2.4. Western Blotting for BDNF
Isolated hippocampi and cortices from C and T groups (6 per group) underwent homogenization in 8 volumes of the standard RIPA buffer containing the protease inhibitor cocktail (Sigma, Germany). Tubes were centrifuged at 14,000 rpm for 30 minutes at 4°C, and supernatant was collected. All samples were stored at -80°C until further analysis. Protein concentrations were determined by the Bicinchoninic Acid (BCA) Protein Assay (Sigma, Germany). A total of 50μg of proteins was loaded on 15% polyacrylamide gel and electrophoresis was performed for 90 minutes at 150V. After wet transfer, nitrocellulose membranes were blocked in 5% low-fat milk (Carl Roth, Germany) for 1 hour at room temperature and then incubated with primary antibodies: rabbit polyclonal anti-BDNF (1:2000; Millipore, USA) and mouse monoclonal anti-B actin (1:3000, Sigma, Germany) overnight at 4°C. Membranes were washed in TBS-Tween and incubated with appropriate secondary antibodies: anti-rabbit (1:2000, Amersham, UK) and anti-mouse (1:3000, Dako, USA) for an hour at room temperature. BDNF and pro-BDNF protein bands were detected at 18kDa and 30kDa, respectively, using the Clarity Western ECL Substrate (BioRad, USA) by ChemiDoc (BioRad, USA).
2.5. ELISA for Hormones
Blood samples from C and T groups (8 per group) were obtained between 11a.m. and 1p.m. using Vacutainer plastic blood collection tubes after an overnight fast with the purpose of reducing circadian alterations in adhesion molecules that may be potentially associated with cortisol release or food intake. Their blood was collected in serum separator tubes. The tubes were inverted 5 times and allowed to clot for 30min at room temperature, followed by another 30min at 4°C. Serum and blood cells were separated by centrifugation (15min, 3000rpm). Serum samples were stored at −80°C. Testosterone concentrations were measured using the Rat Testosterone (T) enzyme-linked immunosorbent assay (ELISA) Kit (Cusabio, Houston, USA), in serum samples in accordance with the manufacturer's instructions. Assay sensitivity was < 0.06ng/ml. The standard curve range was from 0.13 to 25.6ng/ml. The results were calculated with the standard curve using “Curve Expert 1.4”. Estradiol concentrations were measured using the Rat Estradiol (E2) ELISA Kit (Cusabio, Houston, USA), in serum samples following the manufacturer's instructions. The detection range was 40pg/ml-1400 pg/ml. The results were calculated in comparison with the standard curve using “Curve Expert 1.4”. Each sample was run in duplicate.
2.6. Estrous Cycle
In laboratory rats the estrous cycle lasts approximately 4-5 days and consists of four stages known as proestrus, estrus, metestrus, and diestrus. Proestrus lasts approximately 12 h, and during this phase, estradiol levels increase rapidly, stimulating gonadotropin release and ovulation. Estrus duration ranges between 24 and 48 h, and ovulation usually occurs during this phase. Proestrus and estrus comprise the follicular phase of the estrus cycle. It is well documented that metestrus is a short stage of 6–8 hr in rats. In the absence of mating at the time of ovulation, the corpora lutea are formed and they secrete progesterone. Progesterone is secreted by the corpus luteum during metestrus and declines during diestrus. Diestrus is the longest stage of the estrus cycle with an average duration of 48–72 h. During diestrus serum hormone levels are much lower [37].

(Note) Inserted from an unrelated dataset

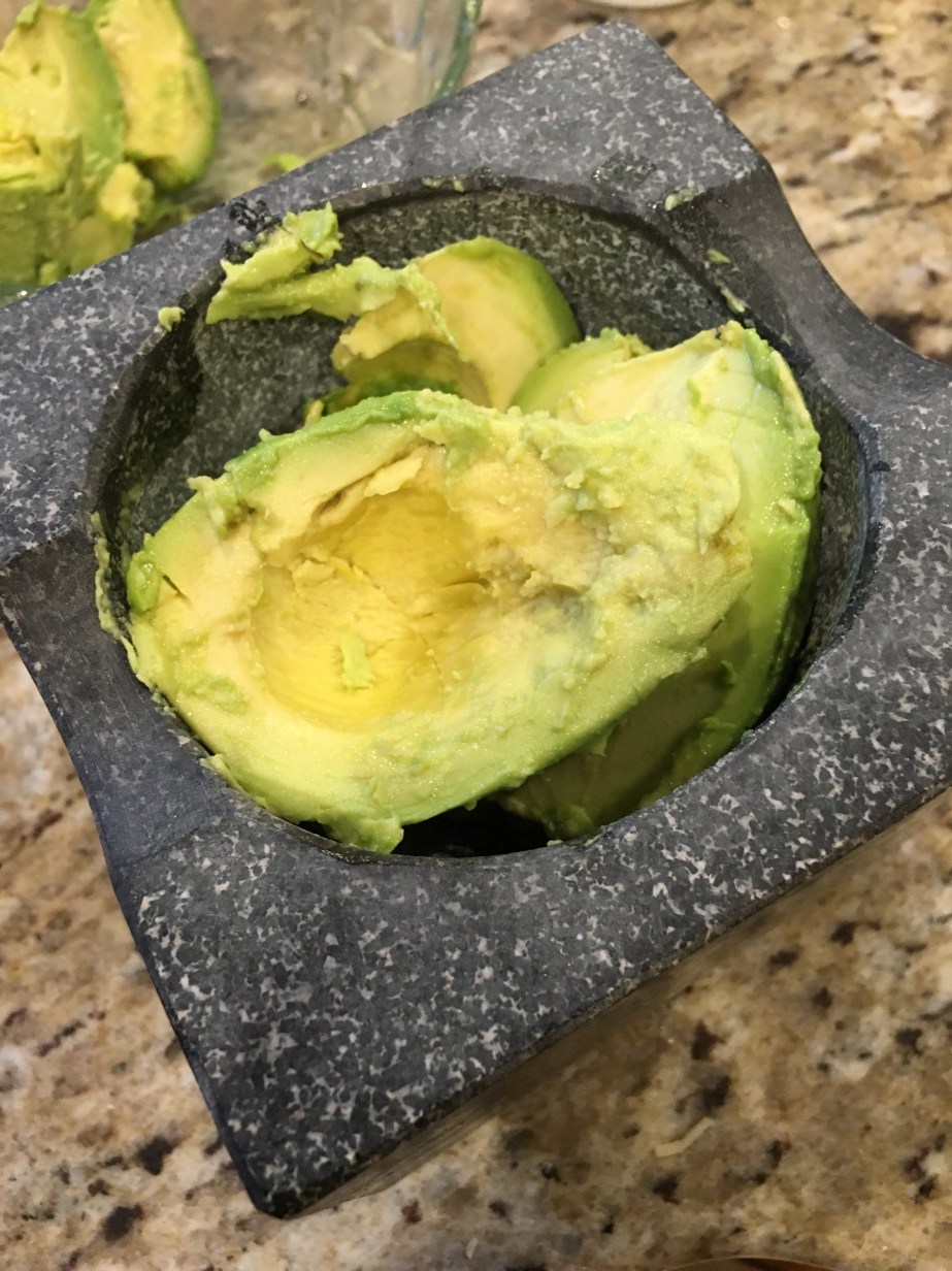 The start… 2 avocados, salt, pepper, juice of 1 lime, and a tablespoon of queso fresco diced and stirred in.
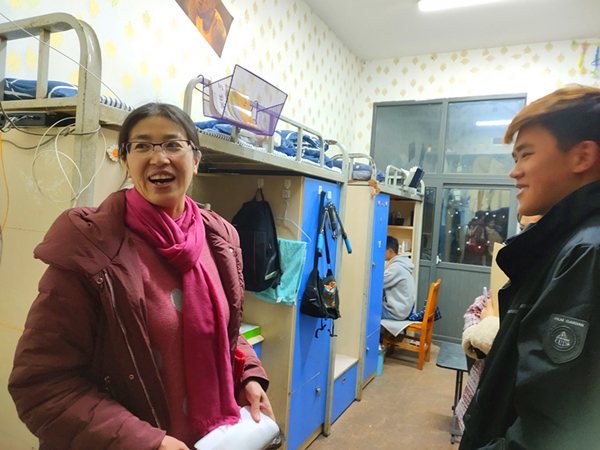 排查组一行逐一走访各年级各班寝室,了解和关心同学们在宿舍的生活情况,询问同学们日常生活中遇到的问题并给予相应的建议,同时强调寝室用电安全,督促同学们养成良好的生活习惯,提高寝室生活安全意识,叮嘱同学们好好复习备考、诚信考试,并注意回家途中的安全和寒假个人疫情防护。

Phases of the estrous cycle can be detected by examining the vaginal smear. The predominant feature of the proestrus is the presence of nucleated epithelial cells, often seen in clusters or strands. Estrus is routinely identifiable by the presence of large numbers of needle-like, anucleated, cornified epithelial cells. Metestrus smear is characterized by a combination of leukocytes and cornified and rounded epithelial cells, while diestrus smear can often be almost exclusively leukocytic [38].
2.7. Statistical Analysis
All analyzed parameters were tested for normality of the data using the Kolmogorov-Smirnov test. For normally distributed data, the significance of the differences was evaluated by one-way ANOVA while for nonnormally distributed data the nonparametric Mann-Whitney U test was used to determine the significance of the differences between the groups. The significance was considered statistically significant if p < 0.05. Statistical analysis was performed with the SPSS version 17.0 statistical package (IBM SPSS Statistics).
3. Results
3.1. Behavioral Testing
3.1.1. Elevated Plus Maze
Prenatal treatment with testosterone undecanoate significantly reduced time spent in the open arms as compared to the control group (U=25.5, Z=2.17, p < 0.05) (Figure 1), while the number of entries in the open arms was not affected by T treatment (U=37.5, Z=1.37, p> 0.05). Exploratory activity in the EPM, expressed by the amount of head dipping, was not significantly different when compared with the control group (U=32.0, Z=1.74, p > 0.05) (Figure 1).
3.1.2. Open Field
Specific manners of locomotor activity in the open field test were differently expressed in the T and C group. The indicators of anxiety-like behavior, such as time spent in the center (F=6.77, p < 0.05) and the number of entries into the center (F=5.4, p < 0.05), were significantly reduced in the T group as compared to the C group (Figure 1). The total ambulatory distance used as the index of locomotor activity was not significantly different between the groups (F=16660, p > 0.05, Figure 1).
3.2. Immunohistochemistry
Immunohistochemical staining with antibodies against NPY and PV allowed examination of the distribution of GABA-ergic interneurons in the hippocampal sections CA1, CA2/3, and DG in the offspring of both the testosterone treated and the control female offspring group. NPY immunoreactive neurons in the hippocampus were predominantly located in the pyramidal cell layer of the CA1 and CA2/3 regions, whereas, in the DG, the NPY immunoreactive neurons were expressed mostly in the hilus (Figures 2(A) and 2(B)). Prenatal testosterone treatment resulted in a significant decrease in the number of NPY immunoreactive neurons in CA1 as compared to the control group (U=16.0, Z=3.86, p< 0.01; Figure 2(C)), while there were no differences in the number of NPY in the CA2/3 (U=103.0, Z=0.85, p > 0.05; Figure 2(C)) and the DG (U=112.0, Z=0.81, p > 0.05; Figure 2(C)).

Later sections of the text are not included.